ABOUT THIS EXERCISE> Reproduce exactly the lines below, starting at the line that contains "Удобна мъжка раница" and ending with the last line of the records, both included; leave out any pictures.

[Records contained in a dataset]

=-=-=-=-=

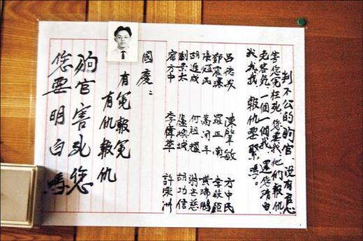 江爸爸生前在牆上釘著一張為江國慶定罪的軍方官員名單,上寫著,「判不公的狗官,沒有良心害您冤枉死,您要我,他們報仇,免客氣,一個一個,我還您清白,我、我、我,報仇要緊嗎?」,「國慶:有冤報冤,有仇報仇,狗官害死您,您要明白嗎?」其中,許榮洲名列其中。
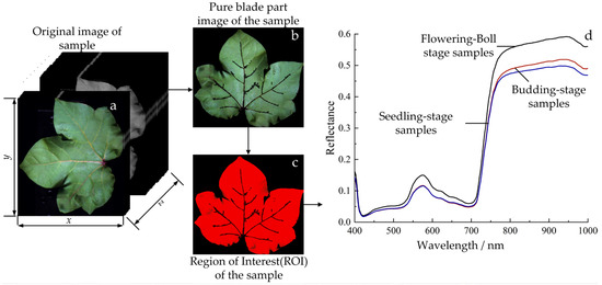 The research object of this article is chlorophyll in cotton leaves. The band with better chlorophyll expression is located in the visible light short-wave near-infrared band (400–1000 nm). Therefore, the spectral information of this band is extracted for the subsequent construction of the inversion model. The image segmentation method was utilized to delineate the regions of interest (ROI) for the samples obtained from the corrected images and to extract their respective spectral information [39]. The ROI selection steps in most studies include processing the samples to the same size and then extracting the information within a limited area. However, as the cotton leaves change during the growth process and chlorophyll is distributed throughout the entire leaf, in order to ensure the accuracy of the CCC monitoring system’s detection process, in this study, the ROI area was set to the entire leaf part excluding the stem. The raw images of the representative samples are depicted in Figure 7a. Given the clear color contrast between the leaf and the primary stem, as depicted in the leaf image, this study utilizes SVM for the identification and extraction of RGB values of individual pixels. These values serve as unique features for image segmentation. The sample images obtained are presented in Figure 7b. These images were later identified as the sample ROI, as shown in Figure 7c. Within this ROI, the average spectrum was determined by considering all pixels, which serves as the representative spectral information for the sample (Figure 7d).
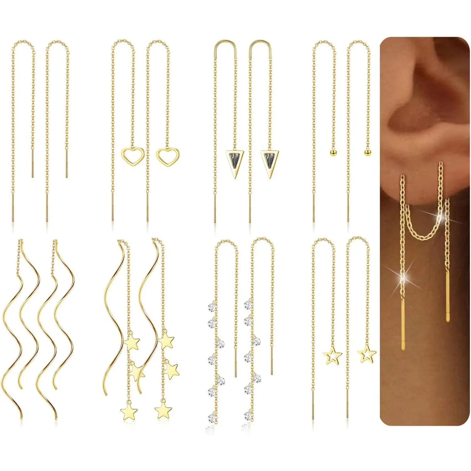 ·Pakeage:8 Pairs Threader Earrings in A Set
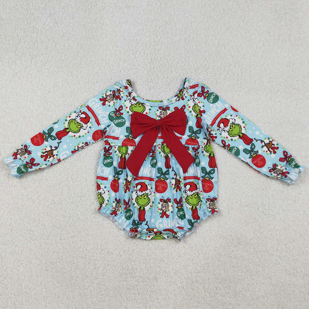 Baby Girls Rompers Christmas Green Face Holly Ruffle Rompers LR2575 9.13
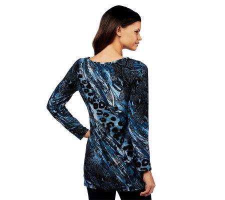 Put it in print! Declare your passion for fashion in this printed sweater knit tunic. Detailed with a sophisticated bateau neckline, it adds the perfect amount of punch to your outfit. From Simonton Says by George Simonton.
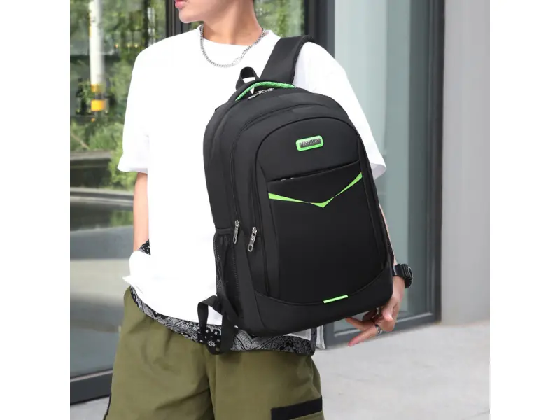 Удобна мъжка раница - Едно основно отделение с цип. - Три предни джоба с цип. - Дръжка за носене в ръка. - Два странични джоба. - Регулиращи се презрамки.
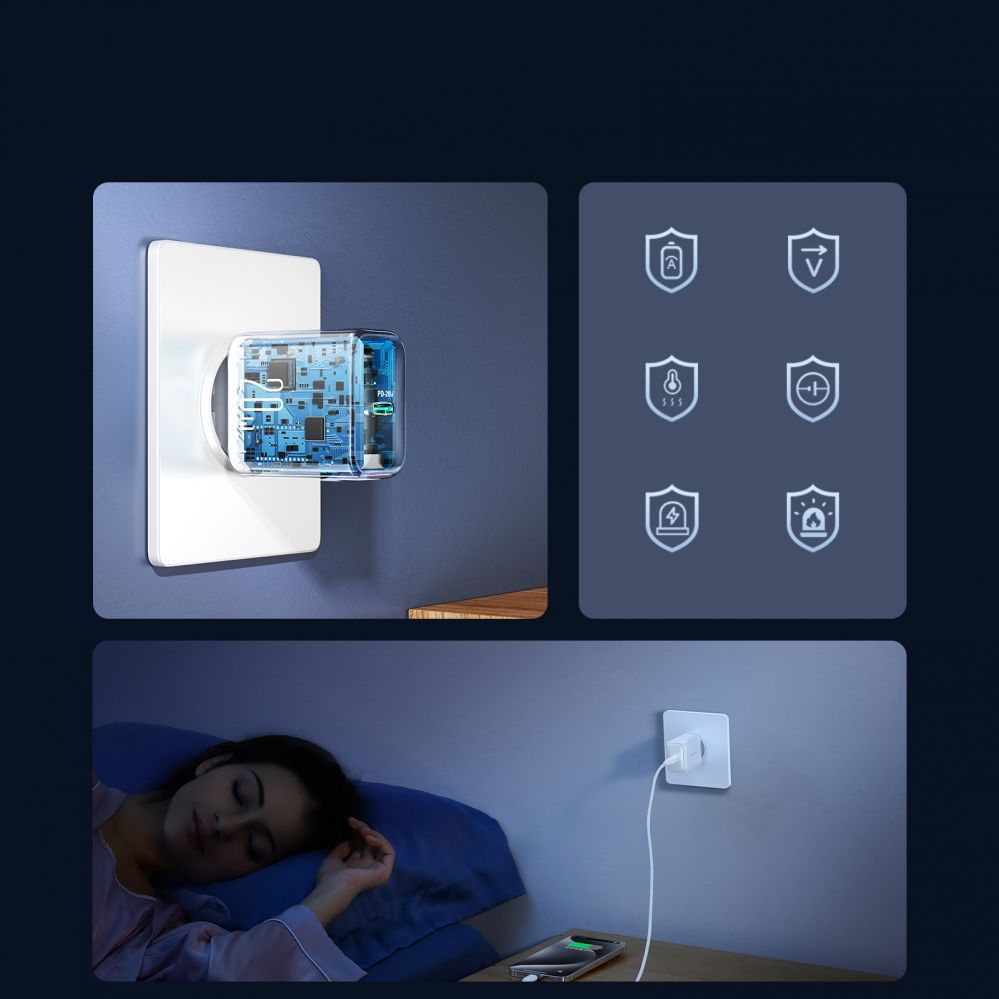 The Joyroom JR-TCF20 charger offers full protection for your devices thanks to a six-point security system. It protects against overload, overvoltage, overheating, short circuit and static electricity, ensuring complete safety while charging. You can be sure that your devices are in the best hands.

=-=-=-=-=

RESPONSE AREA>
 Удобна мъжка раница - Едно основно отделение с цип. - Три предни джоба с цип. - Дръжка за носене в ръка. - Два странични джоба. - Регулиращи се презрамки.
 The Joyroom JR-TCF20 charger offers full protection for your devices thanks to a six-point security system. It protects against overload, overvoltage, overheating, short circuit and static electricity, ensuring complete safety while charging. You can be sure that your devices are in the best hands.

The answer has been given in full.